Tornato a casa, ripresi gli studi al collegio con i padri e con il gruppo dei miei compagni che erano rimasti in Belgio o vi erano rientrati sani e salvi. L’ultimo anno di scuola, chiamato «Retorica», fu particolarmente ricco e fruttuoso, dal punto di vista sia accademico sia delle relazioni umane. Dovevano seguire anni difficili, che tuttavia sono quelli che formano il carattere e preparano ad affrontare la realtà della vita. Ancora una volta desidero menzionare – poiché l’educazione a casa è ancora più fondamentale di quella a scuola – quanto ricevetti in quegli anni dai miei genitori e dalla mia famiglia. A mio padre sono particolarmente grato per il senso di eccellenza che ha trasmesso ai figli con l’esempio della sua vita e del suo lavoro, e con le grandi aspettative che ha posto su di noi. A lui devo l’ambizione per la perfezione, che ho cercato di coltivare e che mi è stata di grande aiuto quando sono entrato nella Compagnia di Gesù per seguire l’ideale di sant’Ignazio di ricercare sempre il maggiore servizio e la maggiore gloria di Dio. Le virtù naturali apprese nella giovinezza possono, con la grazia di Dio, trasformarsi in doni soprannaturali. Verso mia madre sono ancora più debitore per il suo profondo amore e affetto personale, la sua preoccupazione per il mio benessere e le speranze che ha nutrito segretamente per il mio futuro.
Era molto religioso da ragazzo? Quando ha pensato di diventare prete? Che cos’hanno detto i suoi genitori quando ha comunicato loro questa decisione? Perché è entrato nei gesuiti?
Da ragazzo ero pieno di vita e sono rimasto molto attivo per tutto il periodo della crescita. Facevo tanto sport: giocavo a tennis, andavo a nuotare tutti i giorni e percorrevo anche lunghe distanze in bicicletta. Non avevo certamente un temperamento calmo o introspettivo, anzi, ero intraprendente e sempre in movimento. Pertanto non ero particolarmente pio o «religioso», non più di quanto ci si potesse aspettare da un ragazzo nelle mie condizioni. Sin da giovanissimo, però, servivo messa e facevo la comunione ogni giorno. La nostra casa era a soli cinque minuti a piedi dal collegio che frequentavo e dalla chiesa che vi era annessa.
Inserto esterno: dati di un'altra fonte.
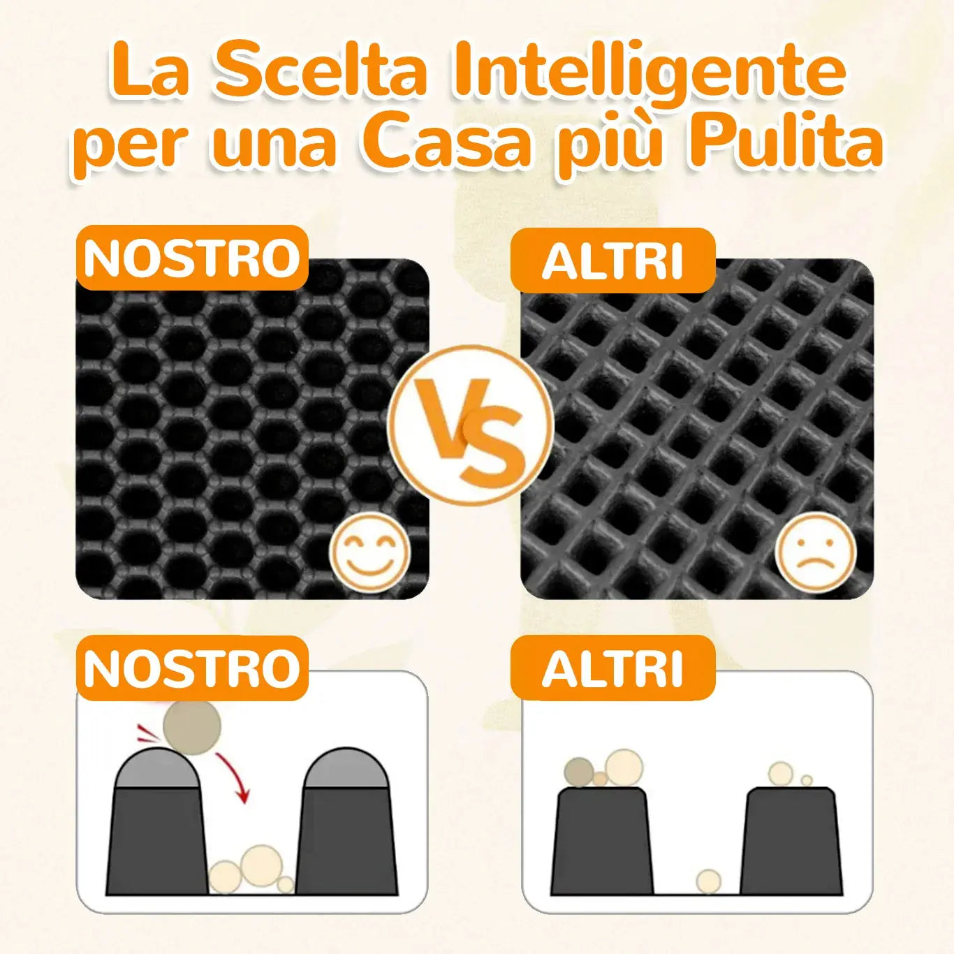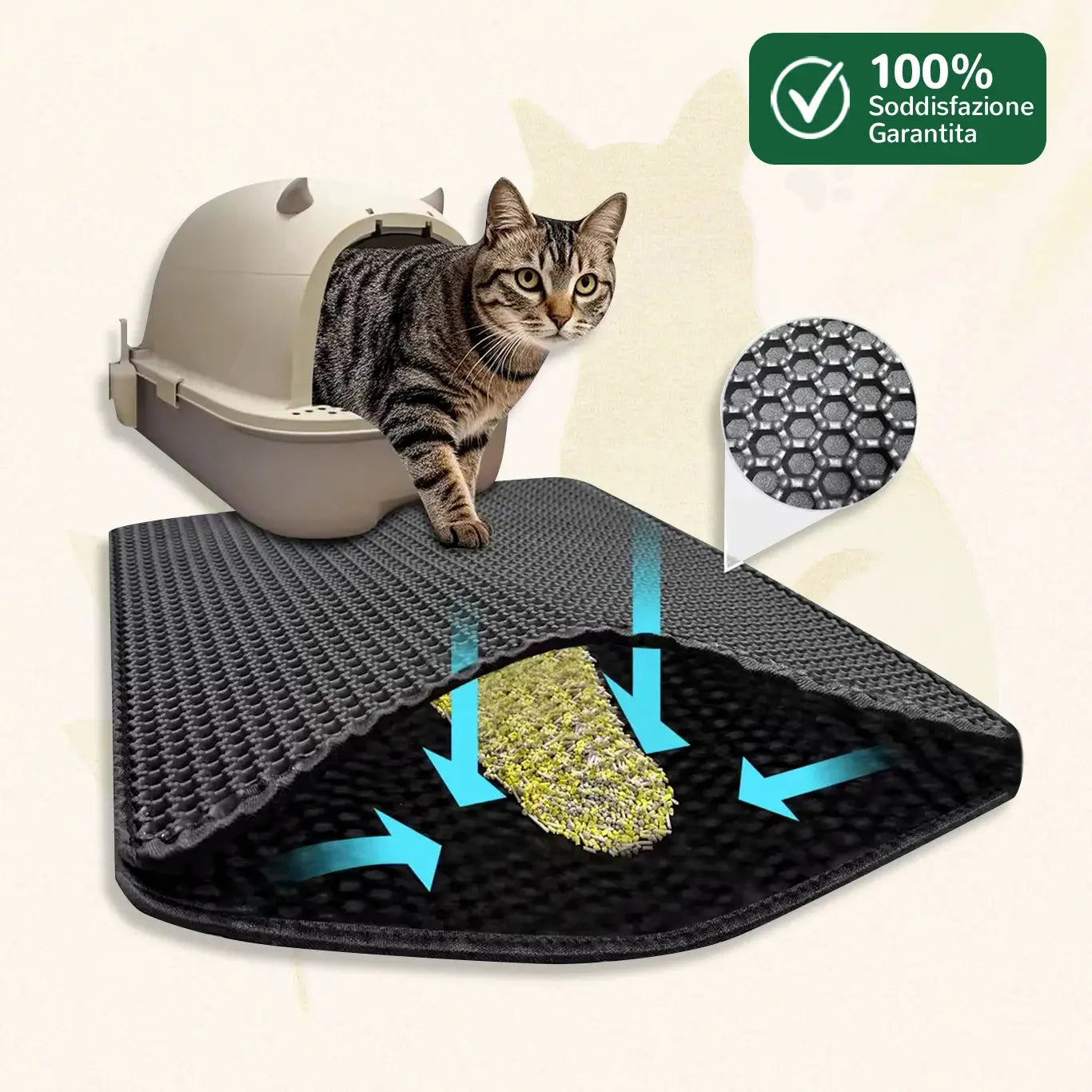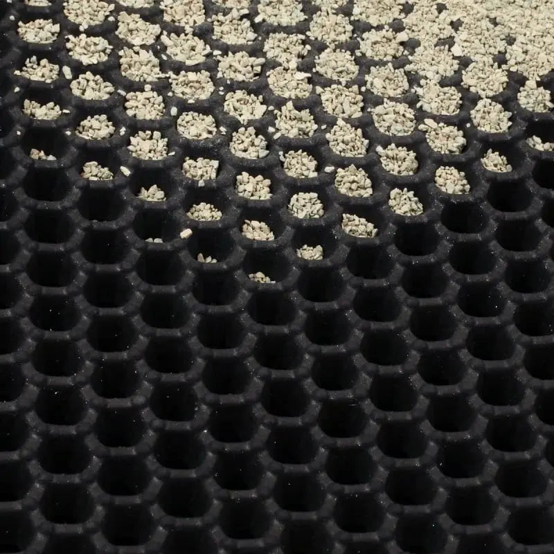 Grazie al design a nido d’ape a doppio strato, MiloMat™ trattiene fino al 90% della lettiera sparsa. Risultato → pavimenti puliti e risparmio fino al 30% sulla sabbia ogni mese.

Mia madre e io partecipavamo quotidianamente alla messa del mattino alle sette. La mamma dunque partecipava alla messa in cui io servivo uno dei padri. Poi tornavamo a casa insieme e, dopo colazione, uscivo di nuovo per andare a scuola. La distanza da casa al collegio era così breve che potevo partire quando già suonava la campanella per la lezione e arrivare in orario, se camminavo a passo spedito.
Ho ricordato sopra lo stretto contatto che esisteva nel nostro collegio tra i padri e gli studenti: contatto in classe, dove ricevevamo una formazione di qualità, specialmente negli ultimi anni, e sulle questioni più importanti per la vita, come nel corso di religione; ma anche contatto al di fuori della scuola, durante le attività sportive o culturali con i padri nel collegio. Trascorrevamo così parecchie ore svolgendo attività fisiche e culturali in un’atmosfera molto amichevole e virile.
Quando e come ho cominciato a pensare alla possibilità di diventare prete? Ebbene, non c’è stato nessun momento speciale in cui abbia avuto una particolare grazia di illuminazione. La vocazione è venuta da sé, per osmosi – per così dire –, attraverso l’influenza intellettuale e spirituale che i padri esercitavano su di me, senza pressioni di alcun genere. La loro vita vissuta, profondamente impegnata nel servizio all’educazione e intimamente sincera nell’obbedienza religiosa, mi ha molto impressionato e, senza che ne fossi del tutto consapevole, gradualmente è divenuta per me un esempio da seguire e un ideale da realizzare nella mia stessa vita.
Non sono stato l’unico a maturare una simile risposta. Nella mia classe di trenta studenti ci furono non meno di nove vocazioni al ministero sacerdotale: sei alla Compagnia di Gesù, due al clero diocesano e una all’ordine benedettino. Personalmente, ho sviluppato la vocazione sacerdotale e gesuitica con estrema naturalezza. Chiaramente, in quelle circostanze non distinguevo la vocazione sacerdotale da quella religiosa; entrambe si presentavano nello stesso tempo ed erano praticamente inseparabili. A questa influenza esercitata su di me dai miei insegnanti devo aggiungere, con un sentimento di profonda gratitudine, che la mia cara mamma pregava sempre, senza che allora io lo sapessi, perché uno dei suoi figli diventasse prete. Questo forse spiega la sensazione che ho sempre avuto di essere oggetto di un suo affetto speciale. Probabilmente presentiva che sarebbe accaduto a me. Anni dopo, quando nell’inverno del 1944 fu ricoverata in una clinica di Lovanio per farsi togliere un tumore, andai a trovarla prima dell’operazione, il cui esito era incerto. Mi disse con grande emozione che la mia vocazione era stata la più grande gioia e grazia della sua vita, e che per essa aveva pregato Dio per molti anni. Infine, il 7 maggio del 1945, morì di cancro, a quarantasette anni, proprio nel giorno in cui le campane della città suonavano a festa per la fine della guerra. Aveva offerto la sua vita affinché tutti noi potessimo sopravvivere alle avversità del conflitto. Non ho dubbi che in gran parte devo la mia vocazione a mia madre, al suo esempio e alle sue preghiere.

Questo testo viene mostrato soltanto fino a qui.